The fine details in these DQE curves should not be interpreted as detector features, as they may be artifacts introduced by the test set-up used to measure them. At the blue end, near 0.9 microns, the DQE is ~15%, and rises quasi-linearly up to a peak DQE ~80% at 2.4 microns, after which there is a rapid decrease to zero at 2.6 microns. The NICMOS arrays are blind to longer wavelength emission. When looking at these DQE curves, bear in mind that this is not the only criterion to be used in determining sensitivity in the near-IR. For example, thermal emission from the telescope starts to be an issue beyond ~1.6 microns.
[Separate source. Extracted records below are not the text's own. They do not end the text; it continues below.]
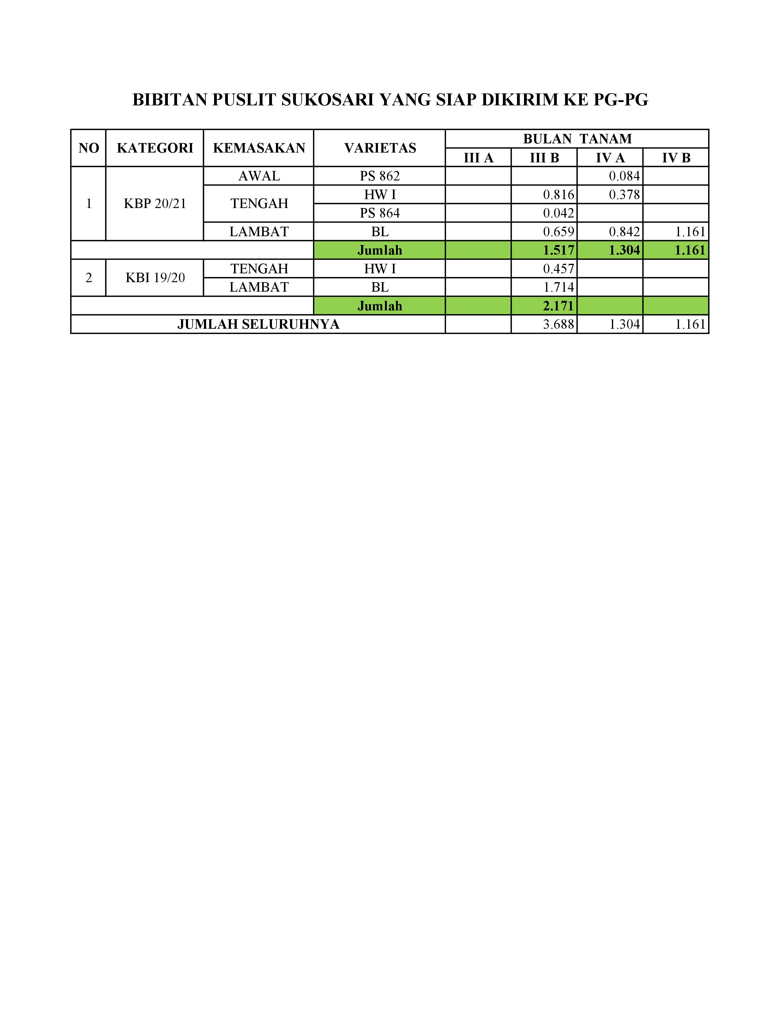 Bibit Konvensional Puslit Sukosari PTPN XI
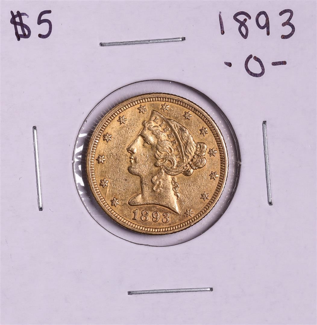 One 1893-O $5 Liberty Head Half Eagle Gold Coin.
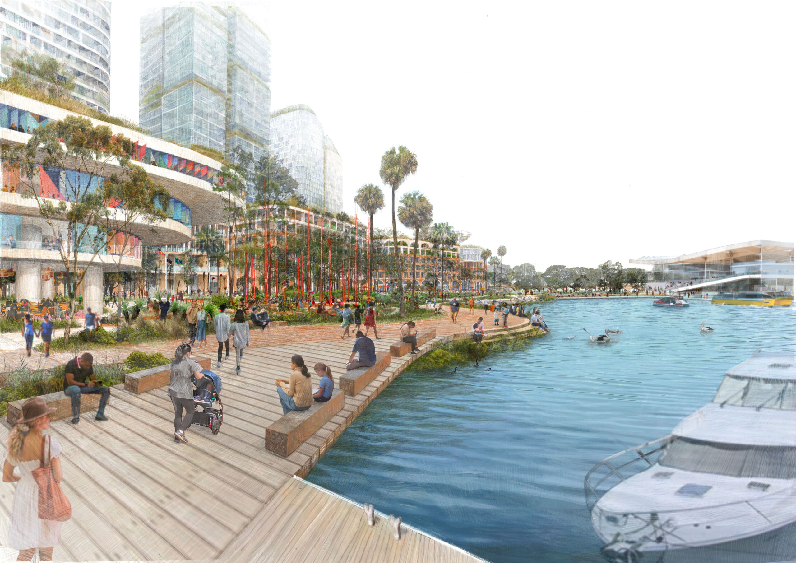 Разработка мастер-плана велась при активном участии и согласовании с ключевыми государственными структурами, включая Департамент планирования и окружающей среды, Правительственного архитектора Нового Южного Уэльса и Транспортное управление. Это гарантировало, что проект стал не просто архитектурной инициативой, но и полностью интегрированным элементом городского развития.

The shot-noise on this bright background may degrade the signal to noise obtained at long wavelengths, negating the advantage offered by the increased DQE.It is very important, especially for observations of very faint targets where the expected signal to noise is low, to note that the DQE presented here is only the average for the entire array. The flat field response described in detail later is non-uniform, and thus the DQE curves for individual pixels may be rather different.
The individual pixels in the NICMOS arrays are completely independent, and they do not suffer from the charge transfer effects present in CCDs, or from bleeding if the wells are filled due to over exposure. They do however have read-noise as well as their own special detector artifact, shading.